** Data provided follows **
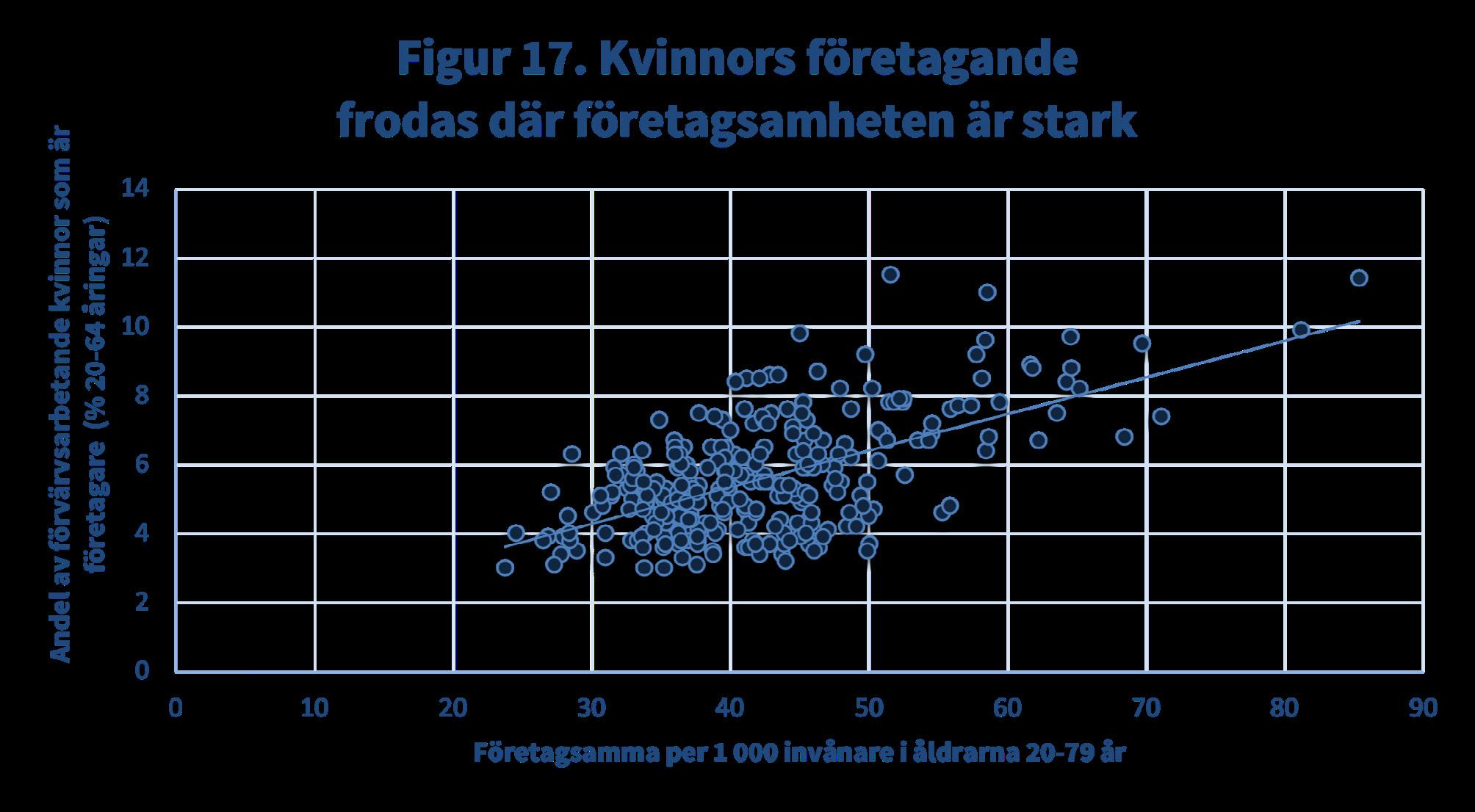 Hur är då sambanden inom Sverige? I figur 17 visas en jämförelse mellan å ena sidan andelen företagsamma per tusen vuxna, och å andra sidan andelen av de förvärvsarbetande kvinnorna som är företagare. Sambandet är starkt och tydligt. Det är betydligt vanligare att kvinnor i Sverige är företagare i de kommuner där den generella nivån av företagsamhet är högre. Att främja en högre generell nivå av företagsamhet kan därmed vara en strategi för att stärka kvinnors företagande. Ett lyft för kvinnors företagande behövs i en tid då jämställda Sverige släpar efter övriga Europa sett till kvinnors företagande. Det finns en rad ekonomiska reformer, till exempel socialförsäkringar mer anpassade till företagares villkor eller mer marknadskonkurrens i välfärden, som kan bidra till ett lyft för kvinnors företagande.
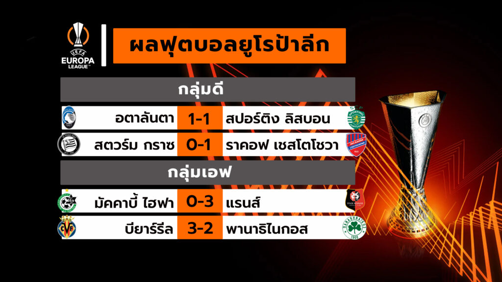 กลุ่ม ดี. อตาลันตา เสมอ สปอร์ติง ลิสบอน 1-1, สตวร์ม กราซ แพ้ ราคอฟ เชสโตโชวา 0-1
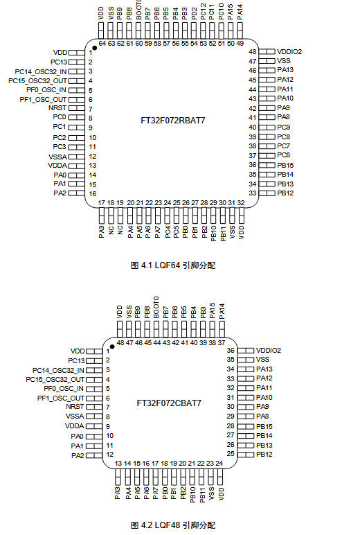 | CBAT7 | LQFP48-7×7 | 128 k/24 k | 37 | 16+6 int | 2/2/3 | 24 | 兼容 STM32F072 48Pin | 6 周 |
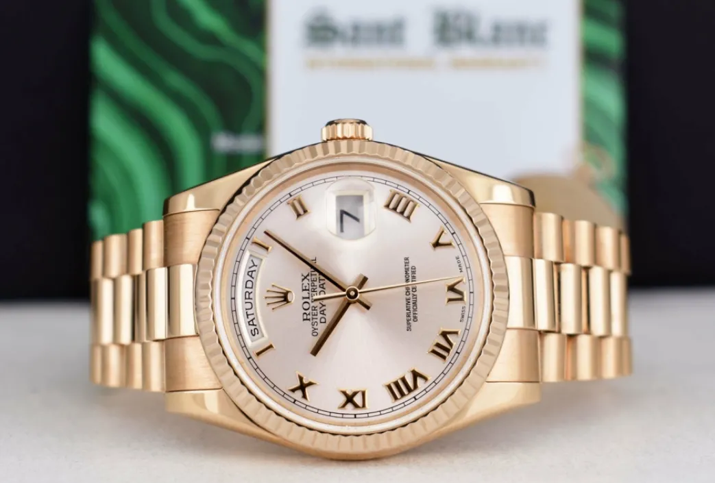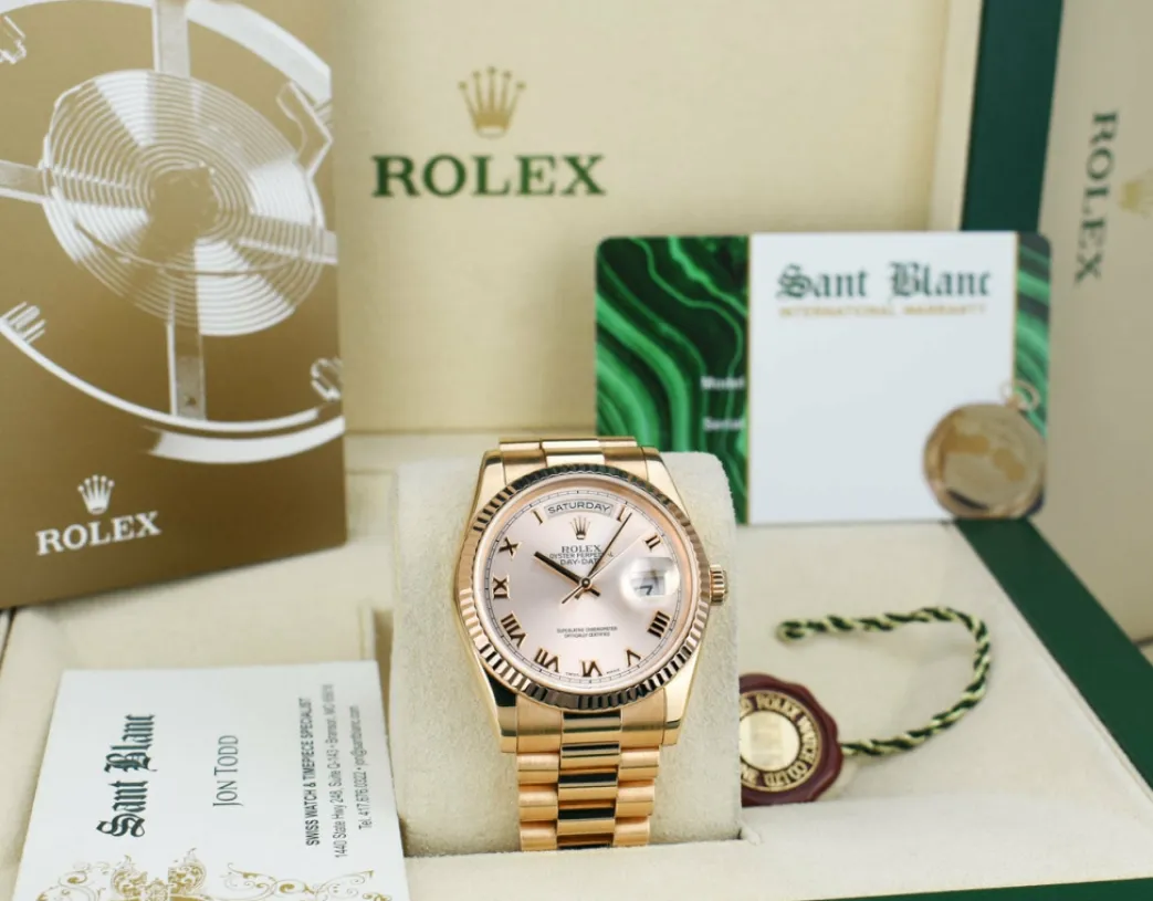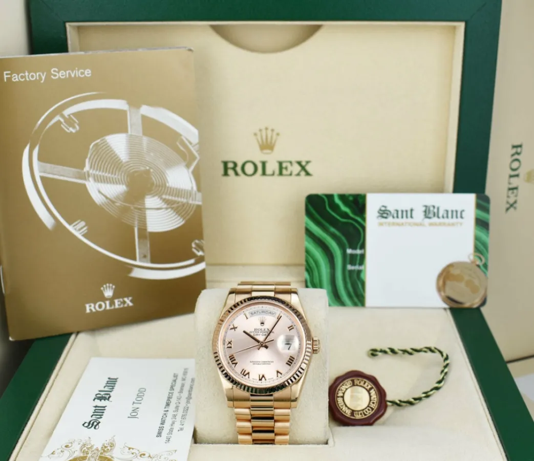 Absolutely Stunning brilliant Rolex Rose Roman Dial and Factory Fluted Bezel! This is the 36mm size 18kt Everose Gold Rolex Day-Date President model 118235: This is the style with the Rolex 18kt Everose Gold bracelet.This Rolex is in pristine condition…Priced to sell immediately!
** End of Data provided **
▶ [What to produce] Without changing a single word, set down all of the material again and leave out its pictures.

▶ [Your response]
 Hur är då sambanden inom Sverige? I figur 17 visas en jämförelse mellan å ena sidan andelen företagsamma per tusen vuxna, och å andra sidan andelen av de förvärvsarbetande kvinnorna som är företagare. Sambandet är starkt och tydligt. Det är betydligt vanligare att kvinnor i Sverige är företagare i de kommuner där den generella nivån av företagsamhet är högre. Att främja en högre generell nivå av företagsamhet kan därmed vara en strategi för att stärka kvinnors företagande. Ett lyft för kvinnors företagande behövs i en tid då jämställda Sverige släpar efter övriga Europa sett till kvinnors företagande. Det finns en rad ekonomiska reformer, till exempel socialförsäkringar mer anpassade till företagares villkor eller mer marknadskonkurrens i välfärden, som kan bidra till ett lyft för kvinnors företagande.
 กลุ่ม ดี. อตาลันตา เสมอ สปอร์ติง ลิสบอน 1-1, สตวร์ม กราซ แพ้ ราคอฟ เชสโตโชวา 0-1
 | CBAT7 | LQFP48-7×7 | 128 k/24 k | 37 | 16+6 int | 2/2/3 | 24 | 兼容 STM32F072 48Pin | 6 周 |
 Absolutely Stunning brilliant Rolex Rose Roman Dial and Factory Fluted Bezel! This is the 36mm size 18kt Everose Gold Rolex Day-Date President model 118235: This is the style with the Rolex 18kt Everose Gold bracelet.This Rolex is in pristine condition…Priced to sell immediately!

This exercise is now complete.